Food Anti-Terror Programs Found Wasteful

The fear-induced policy initiative is protecting nobody and wasting billions of dollars

In the wake of 9/11, President George W. Bush revamped the nation’s food defense programs, drawing a government shield around the food supply in fear of a food-based biological terrorist attack. Those programs have grown to an unwieldy $3.4 billion, multi-headed bureaucracy with no measurable effect in making the country safer.

The hysterical paranoia left Washington to double down on surveilling food shipments, testing for chemical, biological, and radiological agents, and monitoring terrorist threats to food.

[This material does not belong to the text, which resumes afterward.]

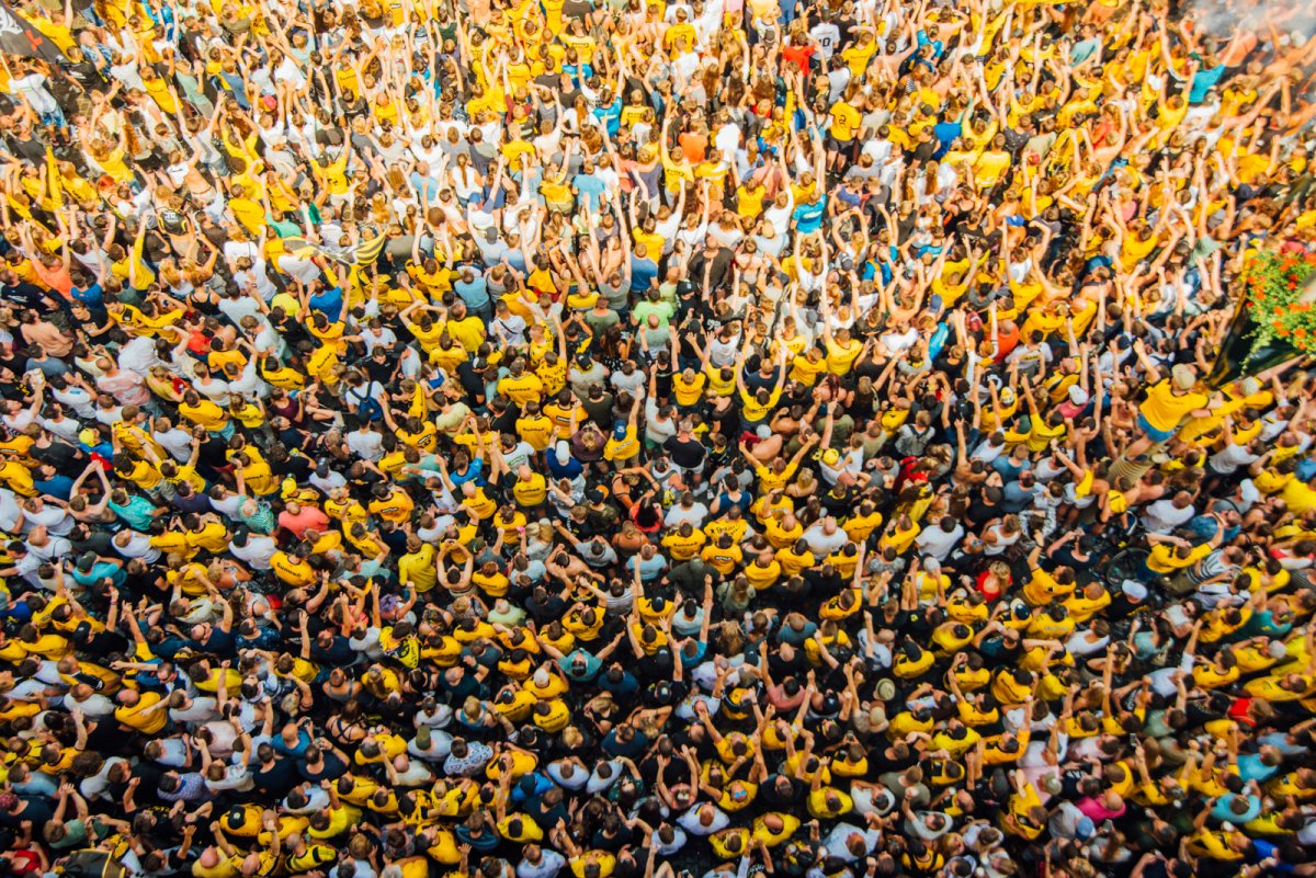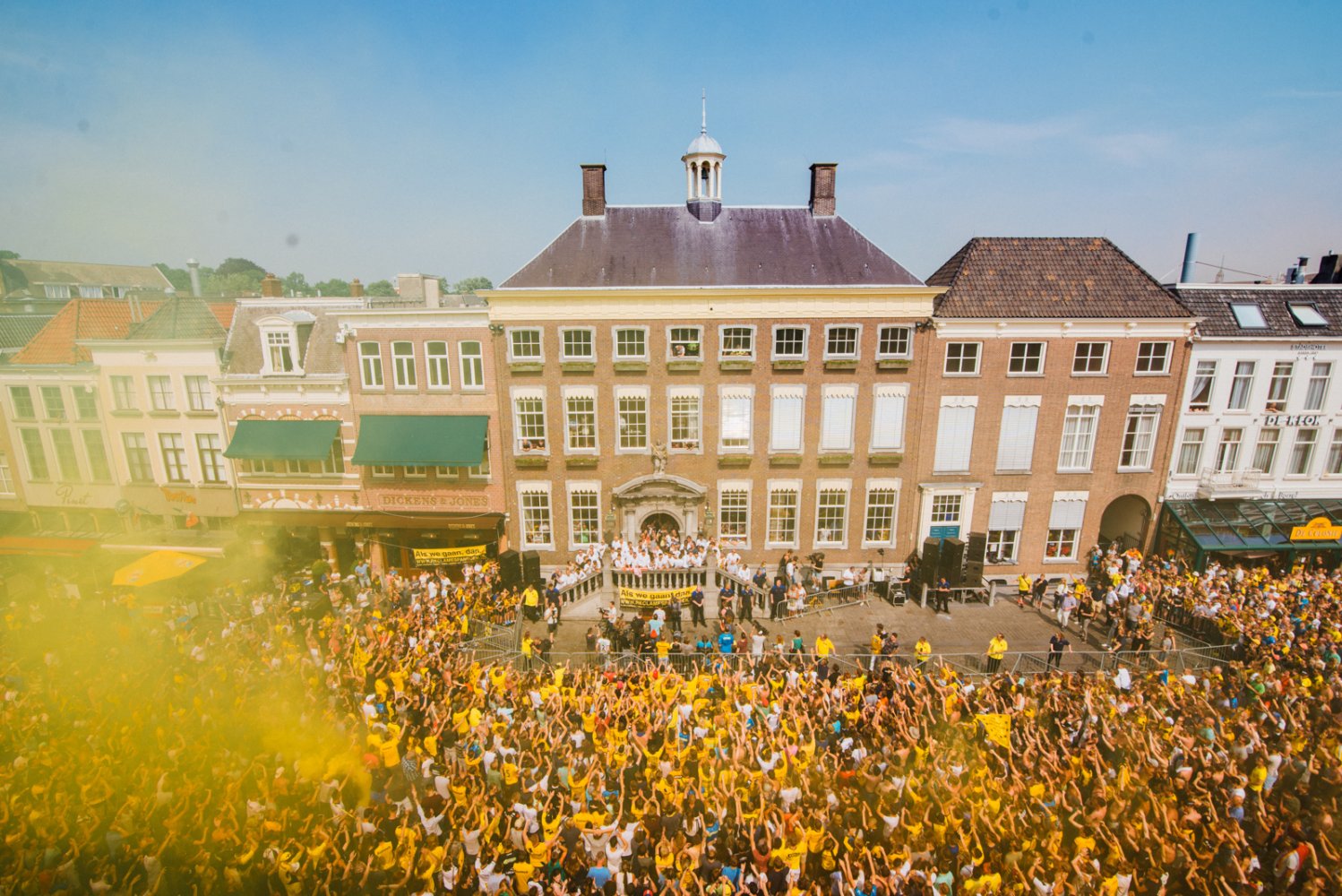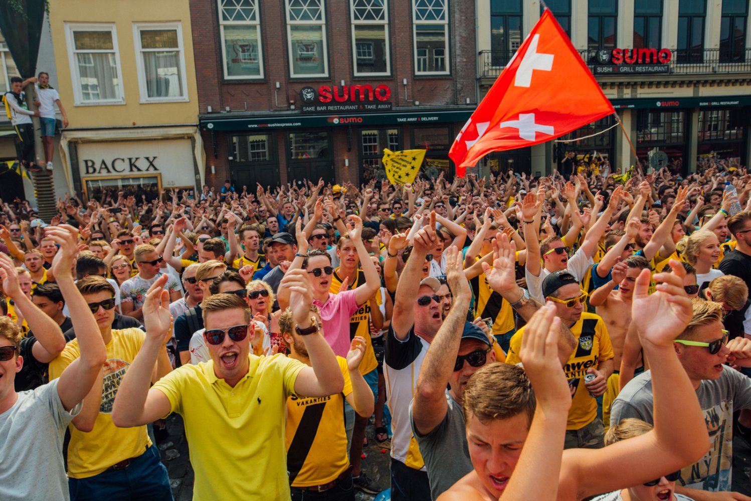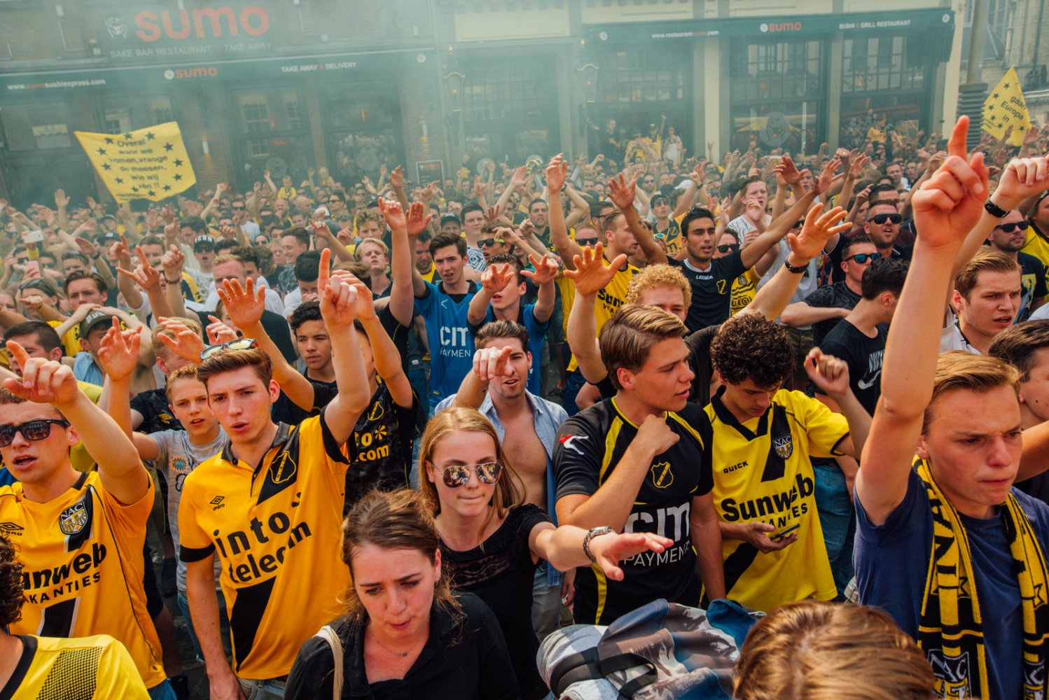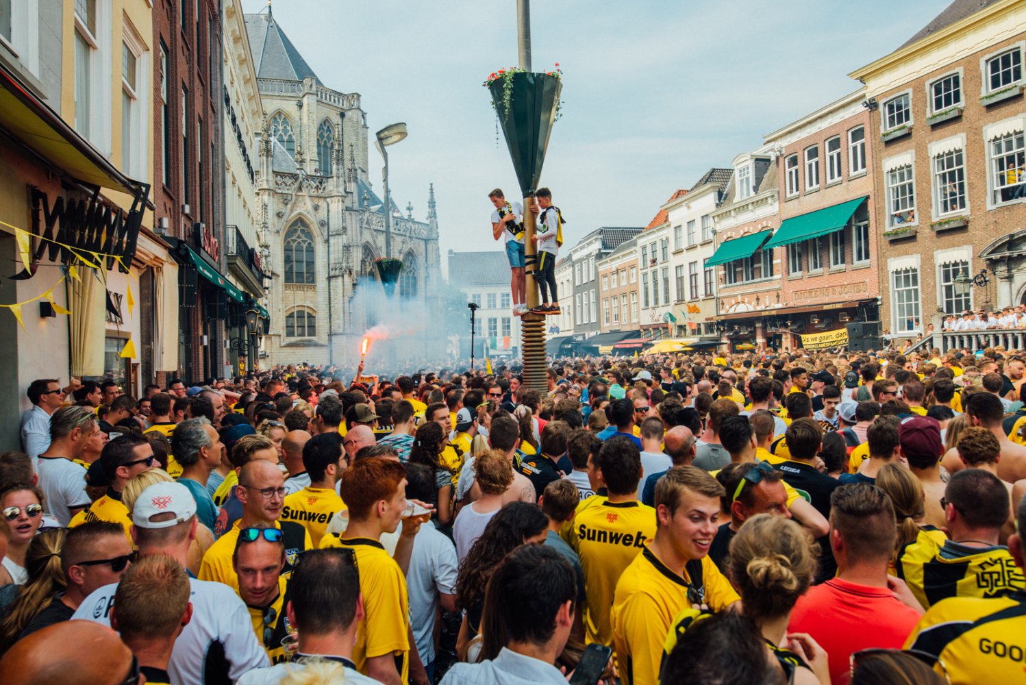 duizenden mensen op de Grote Markt voor de huldiging van NAC
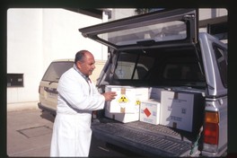 [Camioneta con material radiactivo, almacenado en cajas de cartón] [fotografía] / Jack Ceitelis. Santiago : Jack Ceitelis, [1985]. Diapositiva : Policromo, gelatina sobre poliester ; 6 x 6 cm. .

The Department of Homeland Security (DHS), the Food and Drug Administration (FDA), and the Department of Agriculture (USDA) have all been allocated billions of dollars to guard against an unlikely threat that food suppliers could probably handle themselves. The programs also predictably took on lives of their own, becoming self-justifying despite the absence of credible threats of terrorist attacks on the food supply.

The DHS recently doled out about $400,000 in grants to California dairy farmers to keep the milk supply safe, complete with new high-tech locks for milk houses. One of those dairy farmers, John Taylor, received $800 for a new lock for his milk house in Marin County and was interviewed by the Associated Press: “We’re so remote out here, security isn’t much of an issue, but we were happy to do an upgrade on the farm.”

Some small farmers claim some of these measures are unreasonable and bad for business. USDA inspectors have pressed slaughterhouses to write “Food Defense Plans.” But Uli Bennewitz, who owns a small farm-brewery-butchery in North Carolina, told the Associated Press he had to hire an additional employee just to deal with the on-site meat inspector.

“When it comes to treating a Tyson chicken plant the same as a one-man brewery butchery, that’s when these laws get completely out of control,” Bennewitz said. “What is a small farm doing writing a Food Defense Plan? That is not going to save the nation from some terrible disease.”

Putting food suppliers through these sorts of frenzied, bureaucratic food-threat measures is another wasteful aspect of the response to 9/11, and is likely to have pushed food prices upwards. Like TSA body scans of grandma, food defense programs indicate misplaced fears of inflated threats and don’t seem to be going anywhere anytime soon.

Author: John Glaser

John Glaser writes for Antiwar.com.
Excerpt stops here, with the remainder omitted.